Hmmm... that kinda sucks. 

Also, I've noticed that in the cold when using the remote start, it doesn't turn on the rear defog, even when the back window is coated in dew and can't see a single thing. It would be nice if it came on, especially in the winter with frost.


----------



## yourdoinitwrong (Aug 7, 2011)

CHUV said:


> Hmmm... that kinda sucks.
> 
> Also, I've noticed that in the cold when using the remote start, it doesn't turn on the rear defog, even when the back window is coated in dew and can't see a single thing. It would be nice if it came on, especially in the winter with frost.
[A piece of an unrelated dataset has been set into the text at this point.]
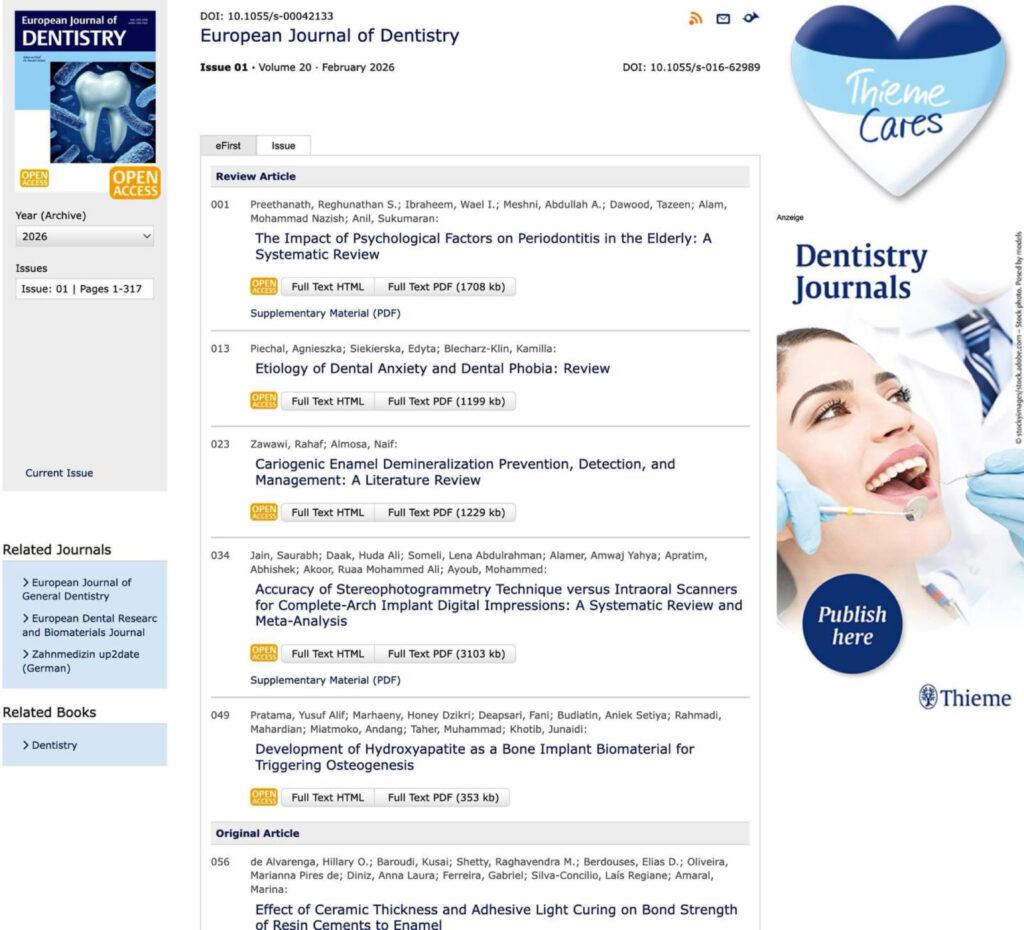 The European Journal of Dentistry is thrilled to share that Volume 20, Issue 1 is now accessible online. We are delighted to offer open access to all our articles. Esteemed for its recognition, the European Journal of Dentistry is listed in prestigious databases like Web of Science (ESCI) (Impact Factor 2.1), SCOPUS (boasting a CiteScore of 4.4), PubMed, PubMed Central, EBSCO, and ProQuest.

I don't know specifically for the Cruze but other GM vehicles only turn on the rear defroster (and seats and/or mirrors if equipped) if the temp is below 45 degrees.


----------



## gman19 (Apr 5, 2011)

yourdoinitwrong said:


> I don't know specifically for the Cruze but other GM vehicles only turn on the rear defroster (and seats and/or mirrors if equipped) if the temp is below 45 degrees.


It hasn't gotten below 45 here yet! Still enjoying milder temps.

I found out this morning though, that when I hit the "Power" button to turn on the HVAC system, it went into "fan" and "vent" auto mode without any LED's coming on (snowflake or auto)...so it came back on in the last state it was when I last used it and turned it off. This is pretty cool as I don't have to keep fiddling with it every time I turn it on.


----------



## CHUV (Jun 25, 2011)

yourdoinitwrong said:


> I don't know specifically for the Cruze but other GM vehicles only turn on the rear defroster (and seats and/or mirrors if equipped) if the temp is below 45 degrees.


So maybe that's why my seats haven't been coming on at remote start eventhough the option is on. I thought they just take a while to warm up and I dodnt wait long enough. Guess we'll have to wait until winter. 

Thanks for the info.


----------



## BMeyer87 (Jul 1, 2012)

I have a 2012 cruze ltz. When I want heat I set the temp in the car to 75. But the car does not get very warm. What is wrong?


----------